Court Opinion

ID: 6935882
Source: CourtListenerOpinion
Date Created: 2022-07-24 00:32:35.214805+00
Date Added: 2024-06-11T16:07:27.416550
License: Public Domain

KEARSE, Circuit Judge,
dissenting in part:
I respectfully dissent from so much of the majority decision as vacates the judgment with respect to plaintiffs Robert Petereit, Robert J. Nardello, David Lee Adkins, James Michael Lonergan, Anthony Frank Pi-trone, and John Alan Strasser. In the majority’s view, “the district court made no findings as to whether Thomas and the distributors intended the confirmation letters to be integrated agreements,” ante at 1178. It seems to me that such findings are implicit, if not explicit, in the court’s Memorandum of Decision.
For example, the court found that “[b]e-tween plaintiffs and defendant there was an understanding, an agreement, a contract. It was not written.” Again, it found that “[c]learly a contract exists between defendant and plaintiffs. Though writings have surfaced, no single document has articulated the understanding of the parties.” These appear to be findings that there was no integrated written agreement.
The district court also found that the Independent Contractor Agreements (“ICAs”), which were used after 1984, were not contracts, for it found there had been no acceptance of their terms either affirmatively or by implicit acquiescence. In a passage that appears to deal with both ICAs and the earlier letters, the court stated as follows:
Plaintiffs, supported by independent testimony and assurances of several district sales managers, were led to believe the stores to which they were assigned were assured so long as they serviced them properly. Defendant’s claim that this did not preclude its unilateral right to alter store assignments is not credited. An earlier proposed unilateral realignment was not pursued in the face of distributor opposition. Other reallocations were made by agreement. An Independent Contractor Agreement ... came to be used with distributorships, starting in 1984. No plaintiff was requested to sign such out of concern that they would refuse to do so. Defendant thereby tacitly acknowledged that it could not unilaterally dictate the terms of its arrangements with its distributors. The letter, delivered to some plaintiffs ... did not purport to bind plaintiffs. Indeed ... not calling upon them to sign an ICA suggests the contrary.... The attempts to bind plaintiffs by reading the letter to them and announcing that its terms would control their distributorships are unavailing to alter preexisting relationships.
(Emphasis added.)
In sum, I read the district court’s opinion as finding that there was an oral agreement between Thomas and the distributors; that the agreement assured the distributors of their respective territories so long as they serviced them properly; that the agreement did not include the reservation to Thomas of the right unilaterally to alter the distributors’ territories; that Thomas knew that the distributors would not agree to such a reservation and for that very reason did not expressly ask them to sign such a written agreement; and that the distributors did not acquiesce in any unilateral statement by Thomas purporting to reserve to itself the right to change their territories.

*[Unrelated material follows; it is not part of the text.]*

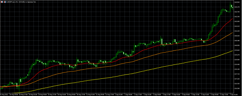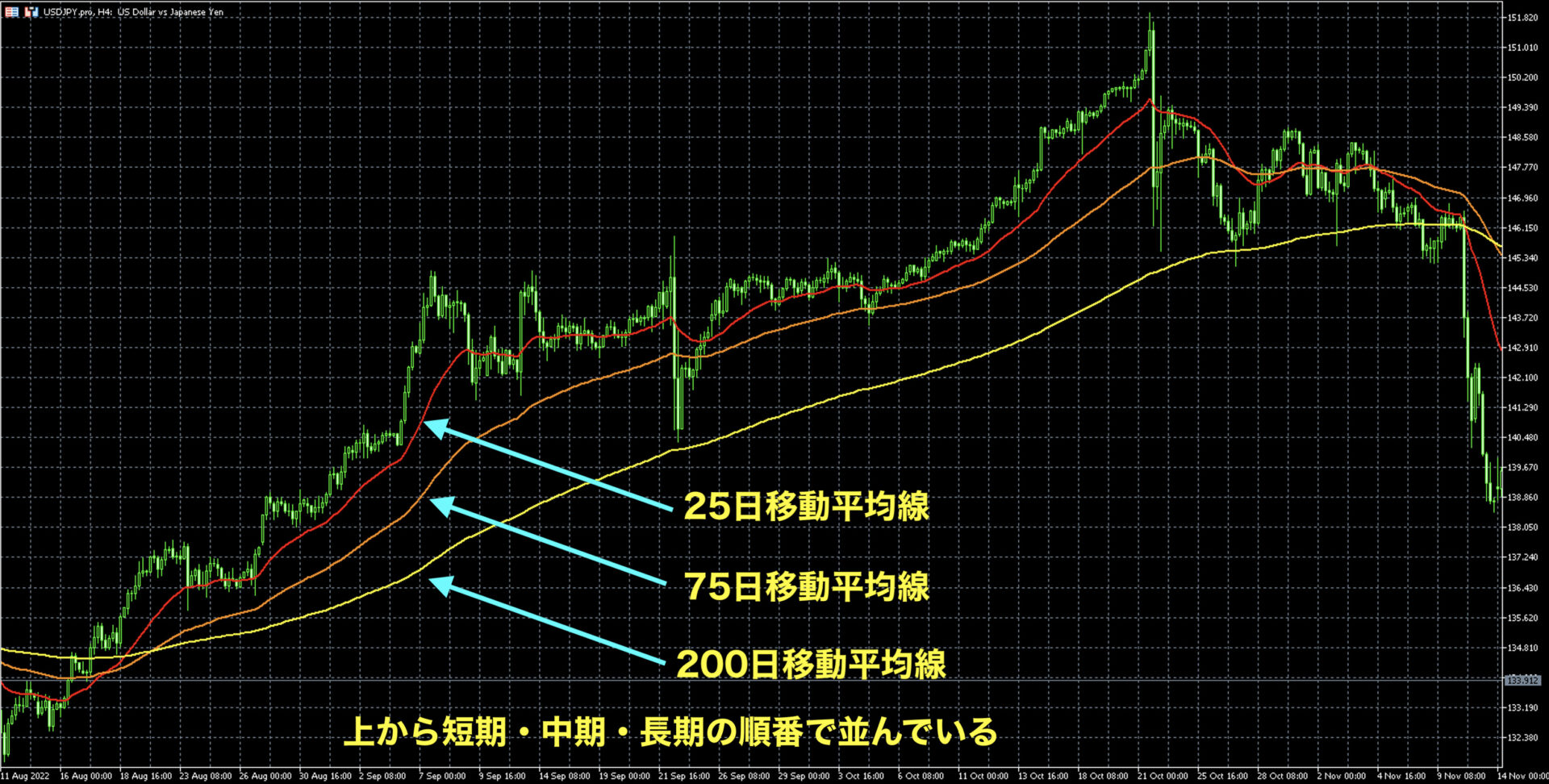 FXのパーフェクトオーダーとは、3本の移動平均線が短期・中期・長期の順番で並んでいる状態です。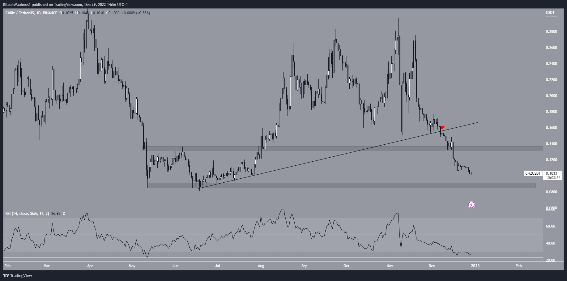 Giá CHZ đã giảm kể từ khi phá vỡ đường hỗ trợ tăng dần vào ngày 08/12 (biểu tượng màu đỏ). Ngay sau đó, chuyển động đi xuống đã gây ra sự cố từ khu vực hỗ trợ ngang 0.135 USD. Điều này dẫn đến mức thấp nhất là 0.101 USD vào tháng 12/2022.

As the majority opinion notes, whether the parties intended a writing to be an integration of their oral agreement presents a question of fact. I am not persuaded that the trial court here made *1188no findings as to whether Thomas and the distributors intended the confirmation letters to be integrated agreements. I agree of course that if a person conducts himself so as to lead the other party reasonably to conclude that he is accepting an offer to contract, an acceptance has occurred and there is a contract containing those terms. But here, the district court in essence found as a matter of fact that it was not reasonable for Thomas to conclude that the distributors accepted its unilateral reservation; indeed, it found that Thomas had declined to send specific contracts precisely because Thomas knew they would be rejected.
The majority’s conclusion as a matter of law that the plaintiffs who received confirmation letters acquiesced in them as integrations of the parties’ agreement thus seems to contradict the district court’s findings. Given the Anderson v. Bessemer City, 470 U.S. 564, 105 S.Ct. 1504, 84 L.Ed.2d 518 (1985), standard of review, under which the factfinder’s assessments of witness credibility and its choice between competing factual inferences can virtually never be clear error, see id. at 573-75, 105 S.Ct. at 1511-12; Fed. R.Civ.P. 52(a), I do not believe we are entitled to overrule the findings of the district court in the present case.